Your goal: Leaving out every picture, copy the lines of the data exactly, from the first through the line containing "3、筆記頁面有筆記、導圖、書".

Stored items
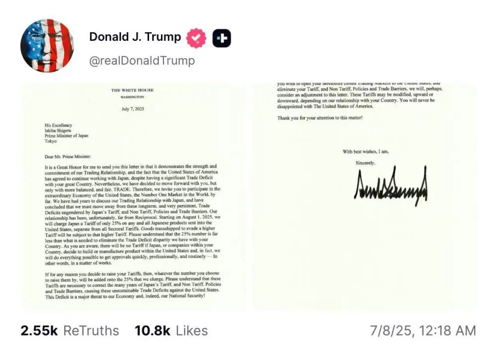 特朗普7日早些时候在自己创立的“真实社交”网站上发布他写给日本首相石破茂和韩国总统李在明的信,表示新关税将不包括其他行业关税。
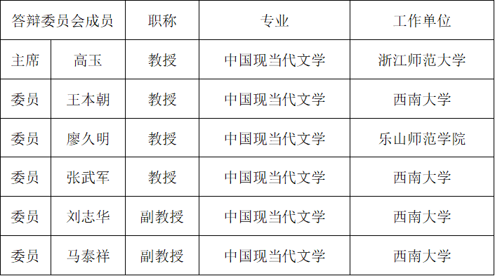 2023年春季学期中国现当代文学硕士研究生论文答辩安排公告(1组、2组)
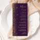 The left-hand edge of this elegant modern wedding menu features a gold faux glitter design. The customizable text combines gold-coloured handwriting, copperplate and italic fonts on a dark purple background. The reverse side features a matching purple and gold glitter design.
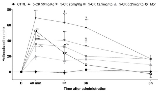 Antinociceptive effect of 5-CK on the cold plate test. Mice were treated by intraperitoneal route 40 min before the test. For the dose−response analysis, the effects of increasing doses (6.25 to 50 mg/Kg) were tested. To evaluate the time-course of the antinociceptive effect, the thermal nociceptive threshold was measured before (B) and up to 24 h following administration of 5-CK, vehicle (CRTL, 50% propylene glycol in saline; control group) or morphine (Mor; 5 mg/Kg), the reference drug. Data are expressed as mean times ± SEM; n = 6 mice per group. $ Significantly different from morphine group (p < 0.001). % Significantly different from 5-CK 50mg/Kg group (p < 0.05). * Significantly different from the control group (p < 0.05). ** Significantly different from the control group (p < 0.01). *** Significantly different from the control group (p < 0.001). Two-way ANOVA followed by Bonferroni’s test.
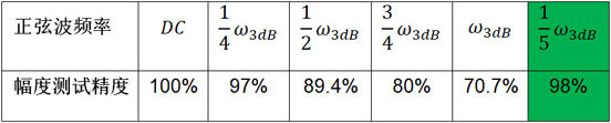 表1. 测试不同频率的正弦波时对应的幅度精度
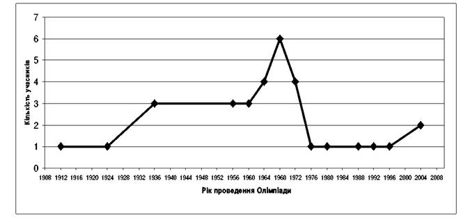 Рис. 1. Динаміка участі львівських легкоатлетів у Іграх Олімпіад
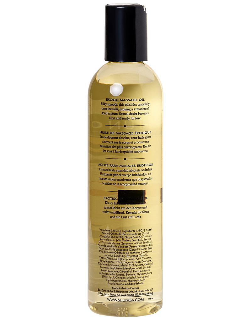 В отличие от большей части средств Shunga, ароматизированных вкусовыми ароматами, запах массажному маслу придают эфирные масла и ароматы, что делает его НЕСЪЕДОБНЫМ.
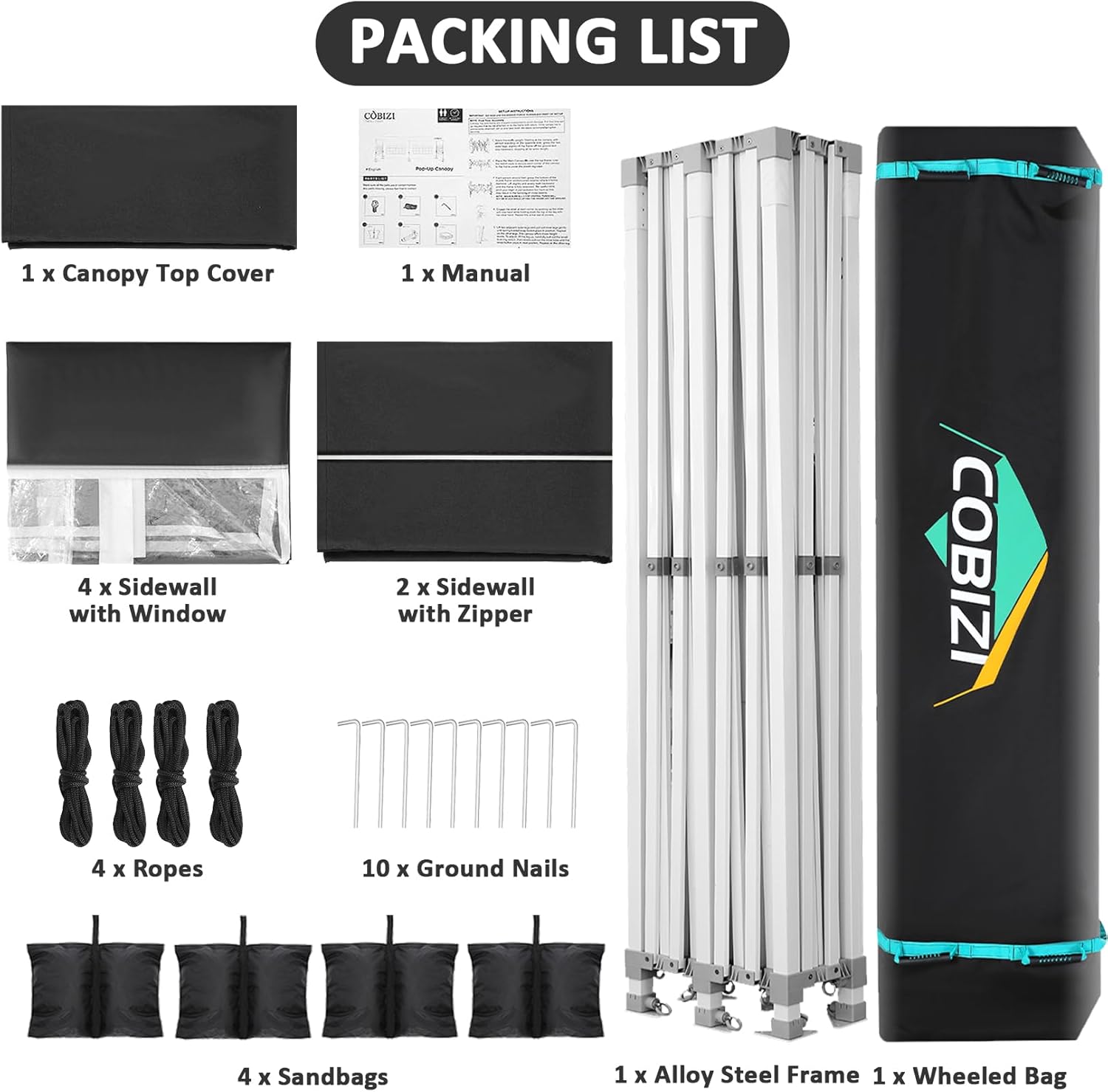 - 【Wheeled Storage Bag】13x26 canopy wheeled roller bag size is 213x50x30cm (83.9x19.7x11.8inch), 1680D Oxford Cloth fabric. Storage bag with 3 wheels on the bottom for easy transport. 4 handle on the side for 2 people to lift. 2 handle on the top for 2 people to glide. The Package Includes: Pop up Canopy Frame x 1Pcs + 13′x26′ Canopy Tent Top Cover x 1Pcs + Sidewall with Zipper x 2Pcs + Sidewall with Window x 4Pcs + Sandbag x 4Pcs + Ground Nails x 10Pcs + Ropes x 4Pcs + Wheeled Storage Bag x 1Pcs.
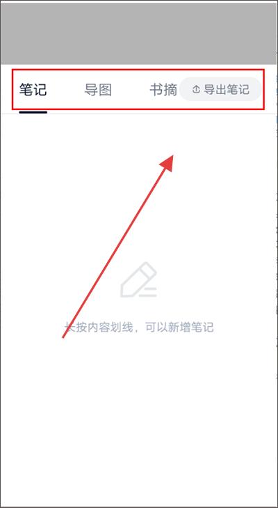 3、筆記頁面有筆記、導圖、書摘分類,長按內容劃線可新增筆記,還能導出筆記,助力梳理閱讀收獲,深化對書籍的理解。
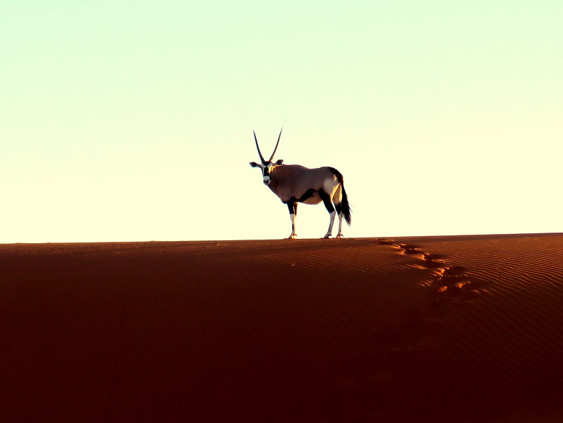 Our wake-up call is a knock on the door at 4:30 am. It is a tad chilly and we all meet wrapped up in fleeces and warm jackets. It is an hour’s drive to the sunrise spot. We take photos of the rising sun before climbing a high dune.
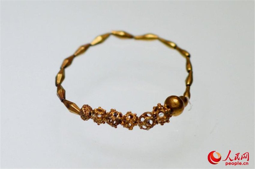 | Das goldene Armband wurde im Jahr 1978 ausgegraben. Der dekorative Stil ist sehr beliebt in Südostasien. Es ist deshalb ein guter Beweis der maritimen Seidenstra?e. |
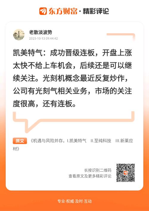 制造与能源板块持续受资金关注,凯美特气、至纯科技、新莱应材 等表现强势,若资金继续回流,短线仍有延续性行情可期。
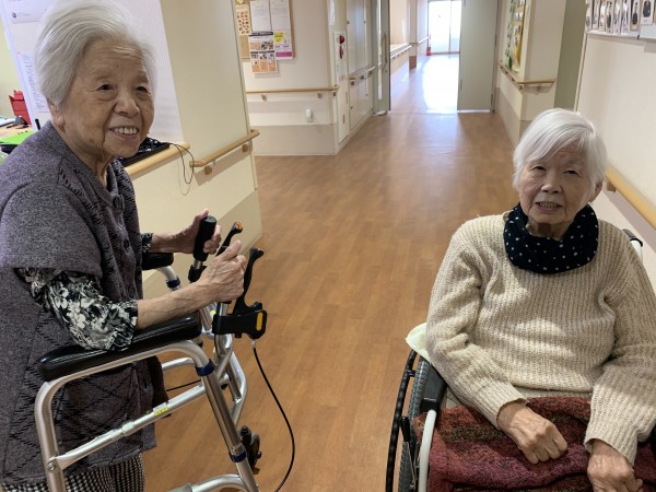 待っていらっしゃる入居者様と、ウォーキング中の入居者様が、お話をされています。
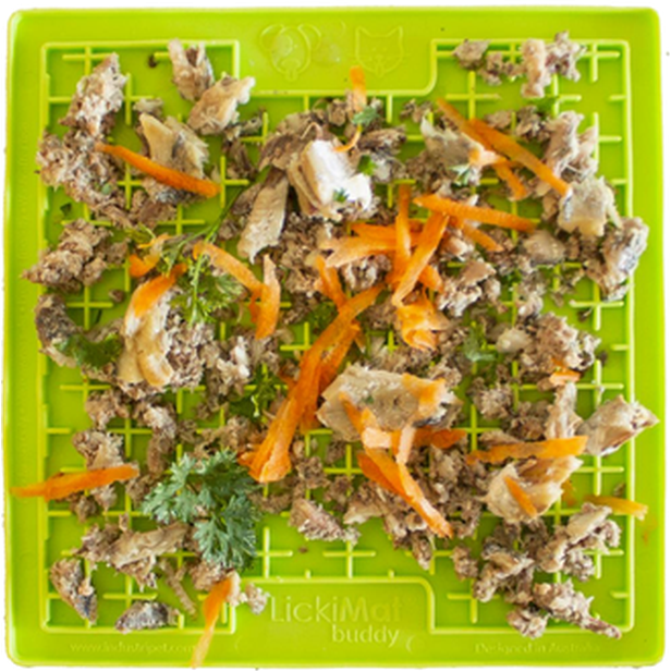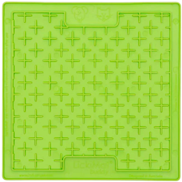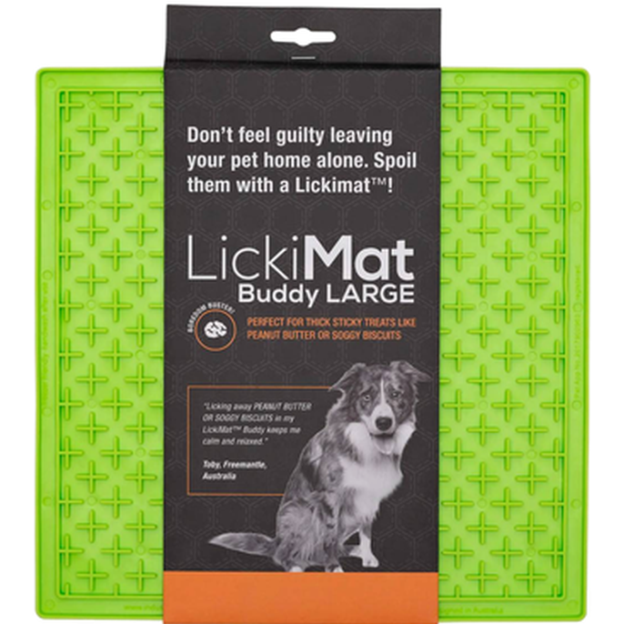 Ruokinta-aktivointi vihreä nuolemismatto koirille ja kissoille - Aktivoi koirasi tai kissasi hauskalla Lickimatin nuolemismatolla/ruokintamatolla. Ripottele siihen koirasi tai kissasi herkkuja, märkäruokaa, nestepitoista ruokaa, pateeta tai Lickimatin omia Sprinklers-strösseliherkkuja. Lickimat-mattoa voidaan käyttää myös tuoreruoan kanssa eri merkeiltä, kuten Mush, Emmzo, Vom & Hungemat. Nuolemisella on rauhoittava vaikutus kissoille ja koirille, ja samalla se edistää suun terveyttä. Syljentuotanto lisääntyy samalla, kun bakteerit kaavitaan kielestä. Hauska aktivointilelu rauhoittavalla vaikutuksella sekä kissalle että koiralle. LickiMat Buddy Large Green

The answer:
 特朗普7日早些时候在自己创立的“真实社交”网站上发布他写给日本首相石破茂和韩国总统李在明的信,表示新关税将不包括其他行业关税。
 2023年春季学期中国现当代文学硕士研究生论文答辩安排公告(1组、2组)
 The left-hand edge of this elegant modern wedding menu features a gold faux glitter design. The customizable text combines gold-coloured handwriting, copperplate and italic fonts on a dark purple background. The reverse side features a matching purple and gold glitter design.
 Antinociceptive effect of 5-CK on the cold plate test. Mice were treated by intraperitoneal route 40 min before the test. For the dose−response analysis, the effects of increasing doses (6.25 to 50 mg/Kg) were tested. To evaluate the time-course of the antinociceptive effect, the thermal nociceptive threshold was measured before (B) and up to 24 h following administration of 5-CK, vehicle (CRTL, 50% propylene glycol in saline; control group) or morphine (Mor; 5 mg/Kg), the reference drug. Data are expressed as mean times ± SEM; n = 6 mice per group. $ Significantly different from morphine group (p < 0.001). % Significantly different from 5-CK 50mg/Kg group (p < 0.05). * Significantly different from the control group (p < 0.05). ** Significantly different from the control group (p < 0.01). *** Significantly different from the control group (p < 0.001). Two-way ANOVA followed by Bonferroni’s test.
 表1. 测试不同频率的正弦波时对应的幅度精度
 Рис. 1. Динаміка участі львівських легкоатлетів у Іграх Олімпіад
 В отличие от большей части средств Shunga, ароматизированных вкусовыми ароматами, запах массажному маслу придают эфирные масла и ароматы, что делает его НЕСЪЕДОБНЫМ.
 - 【Wheeled Storage Bag】13x26 canopy wheeled roller bag size is 213x50x30cm (83.9x19.7x11.8inch), 1680D Oxford Cloth fabric. Storage bag with 3 wheels on the bottom for easy transport. 4 handle on the side for 2 people to lift. 2 handle on the top for 2 people to glide. The Package Includes: Pop up Canopy Frame x 1Pcs + 13′x26′ Canopy Tent Top Cover x 1Pcs + Sidewall with Zipper x 2Pcs + Sidewall with Window x 4Pcs + Sandbag x 4Pcs + Ground Nails x 10Pcs + Ropes x 4Pcs + Wheeled Storage Bag x 1Pcs.
 3、筆記頁面有筆記、導圖、書摘分類,長按內容劃線可新增筆記,還能導出筆記,助力梳理閱讀收獲,深化對書籍的理解。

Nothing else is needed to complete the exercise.